Saturday | June 16th, 2012


On Saturday, once everyone was up and we decided that Subway was the perfect post drinking meal (I disagree in silence), we wandered about in the Lotte Mall across the street from our hotel. Sure there was a ‘hangover grog’ at play, but the building was like Hotel California. The escalators went not to the first restaurant we sought, but to a children’s playland. The stairs went into the belly of the parking garage and all the signs for the department store, where we expected to locate our sandwich shop, went around in circles and elevators. If we’d been stuck another five or six minutes our stomachs would have demanded we eat each other to quell the booziness. After sandwiches, we parted ways, leaving POD and I free to explore the city and check things out without a beer in hand (although as a drinking location it is an 11).

We walked for quite a while drinking water and joking. The main goal of the day was to hit up the printing museum. Along the way, I kept noticing every little granite marker and his plastic cousin had the work “jikji” branded in them. I grokked this to be a city slogan of sorts somewhat “Beautiful Gyeongju”, “Colorful Daegu”, or “Slytherin Seoul“. We saw some interesting stuff and Cheongju turned out to be an interesting place.

Once through the museum doors, we were accosted by an eager beaver who promptly got English language pamphlets into our hands and ushered us into the media room to what an English language video about stuff. It turns out that that “stuff” was the Jikji I’d been seeing everywhere all day.
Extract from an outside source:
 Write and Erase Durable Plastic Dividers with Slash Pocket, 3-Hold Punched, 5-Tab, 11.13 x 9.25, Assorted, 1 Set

The Jikji is a book, the oldest one printed with a moveable type printer. It bests the Gutenburg Bible by at least 200 years (and the video was sure to remind us of that constantly). This bit is strictly from my pamphlet:

Korea has had a well-developed printing technology throughout its history. According to records, the Goryeo government used metal type in documents in the early 1200s. In the late 14th century even local temples were using metal type to print books.
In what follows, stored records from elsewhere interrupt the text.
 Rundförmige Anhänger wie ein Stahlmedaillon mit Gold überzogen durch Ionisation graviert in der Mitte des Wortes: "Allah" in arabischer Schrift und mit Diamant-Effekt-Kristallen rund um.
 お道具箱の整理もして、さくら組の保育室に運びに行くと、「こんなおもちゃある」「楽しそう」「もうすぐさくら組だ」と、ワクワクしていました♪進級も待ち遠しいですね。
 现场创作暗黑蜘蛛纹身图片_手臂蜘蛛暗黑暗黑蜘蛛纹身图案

Magically All these printing presses that were everywhere were destroyed lost. The only proof that Korea had this tech before anyone is the Jikji, which a French diplomat found in the 1800s. He wrote on its cover, “This is the oldest book in the world.” and then mailed it to a peep in France. When the peep died, he donated it to the French national museum. Why Koreans get worked up over Japanese textbooks instead of bombing the French to get THE OLDEST BOOK IN THE WORLD (MADE IN KOREA, BY KOREANS, FOR KOREANS, WITH SUPERIOR KOREAN TECH, BEFORE ANYONE ELSE) back was the butt-crust of nearly all jokes for the rest of the weekend.

The museum was pretty badass and I wouldn’t mind visiting it again. Usually, every museum tries to be the Museum of Natural History in New York and stuffs the place with dioramas till you’re ready to barf up your boredom organ and eat it just to stay interested. But the dioramas in this place all had some animatronic twist to them. You pushed a button and robotics would lip-sync the grand story of printing the Jikji. It was compelling enough to take some video (which is now here, here, and here).
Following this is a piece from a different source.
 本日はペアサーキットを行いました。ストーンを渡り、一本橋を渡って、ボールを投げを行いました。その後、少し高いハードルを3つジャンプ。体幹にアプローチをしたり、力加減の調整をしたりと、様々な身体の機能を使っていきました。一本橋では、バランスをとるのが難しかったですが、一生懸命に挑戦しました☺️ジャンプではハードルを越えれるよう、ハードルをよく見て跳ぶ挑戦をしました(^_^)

POD and I walked around more, heading off to another museum. We passed many things special to Cheongju that were not on his tourist map. Things like this crazy fake waterfall, a street with more than twenty church (the tallest of which had a rooster on its steeple instead of a cross), and more Jikji than one should be allowed to stare at agape in one afternoon. We did stop off a few more times for water. We had some ice cream and I layered on more sunscreen (after his Gyeongju visit and the missing posts due to hangover + mad sunburn, I’m not taking anymore chances—more really is better).

The other museum wasn’t nearly as good. They also didn’t have anything English pamphlets and most of the displays were Korean only. I found a few picture worthy oddities, but most of the time was just spent kicking it outside and enjoying the awesome weather (not that Gyeongju rain I left behind the day before).

POD wanted a nap, so we headed back to the hotel for a few hours before hitting the town again. I dozed off during a CNN special report on immigration policy in the US and how it’s fucking America into the poor house. It was pretty interesting, but all the walking and drinking and not sleeping enough had caught up with me. I was down. POD was down. Some might say age is hitting us, but that’s crap.

We jumped back to the same drinking spot as the previous night before the sun set. Some good meat, some Makgeoli, some great beer (some open-porch, girl watching spot I found everyone at the night before), some bombs (terribly, dangerously cheap bombs), some more good beer (even cheaper than the porch place), and we sauntered up to the roof (again) to drink the night down to the sleeps.

I brazenly climbed the ladder (tippy-top of this post) to the tallest part of the building and took a grand scheme shot before realizing there was no rail and that in another five minutes or so, I would be too drunk to climb down.